Tarasiewicz tylko raz spotkał na swojej drodze tego wielkiego argentyńskiego piłkarza. Był jeszcze wtedy piłkarzem Śląska.
- Miałem okazję zagrać przeciwko niemu w 1987 roku. W towarzyskim meczu reprezentacja Polski zmierzyła się w Mediolanie z zespołem cudzoziemców, występujących w lidze włoskiej. Diego był już mistrzem świata. Pamiętam sytuację, w której chciałem mu zabrać piłkę. Nie udało się, więc popędziłem za nim i ściąłem go od tyłu. Zrobiło mi się głupio. Ale on szybko wstał i pogroził mi tylko palcem - wspominał wychowanek klubu z Wrocławia.
REKLAMA
Po zakończeniu sezonu w Szwajcarii znalazło się duże grono chętnych na usługi Tarasiewicza. Najwięcej determinacji wykazało francuskie AS Nancy. Podpisał kontrakt na dwa lata. Rozegrał w tym czasie 54 pojedynki, w których trafił do siatki rywali 15 razy.
Więzadła krzyżowe
W 1992 r. zgłosili się po niego pracownicy zdecydowanie silniejszego francuskiego zespołu RC Lens. Wydawało się, że trzydziestolatek będzie podążał na szczyty ligowe kraju znad Loary. Niestety na jednym z pierwszych treningów doznał bardzo poważnej kontuzji. Zerwał więzadła w kolanie. To przekreśliło możliwość zaprezentowania się w nowych barwach. Dwa lata dochodził do siebie. Nie wystąpił w żadnych pojedynku. Do wybitnej formy już nie wrócił. Później próbował swoich sił w klubach niższych klas rozgrywkowych. Był zawodnikiem RC Besancon. Później zasilił Etoile Carouge.
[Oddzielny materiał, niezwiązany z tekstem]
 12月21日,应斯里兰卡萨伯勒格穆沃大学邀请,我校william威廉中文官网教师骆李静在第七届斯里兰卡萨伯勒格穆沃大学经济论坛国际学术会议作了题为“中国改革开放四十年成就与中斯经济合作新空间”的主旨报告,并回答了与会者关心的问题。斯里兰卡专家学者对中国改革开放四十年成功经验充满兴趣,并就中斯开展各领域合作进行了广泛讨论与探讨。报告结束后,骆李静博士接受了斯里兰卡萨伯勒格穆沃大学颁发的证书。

- Wtedy go strasznie nosiło, siedział w domu wściekły jak osa. Zastanawiał się, dlaczego akurat jego to spotkało, dlaczego musi tak szybko skończyć coś, co tak bardzo kocha. Nie wiem, może piłkarze powinni mieć jakieś zajęcia, które mogłyby ich przygotowywać do zakończenia kariery? Wtedy ciężko było z Ryśkiem wytrzymać - zauważyła Joanna Tarasiewicz żona polskiego pomocnika.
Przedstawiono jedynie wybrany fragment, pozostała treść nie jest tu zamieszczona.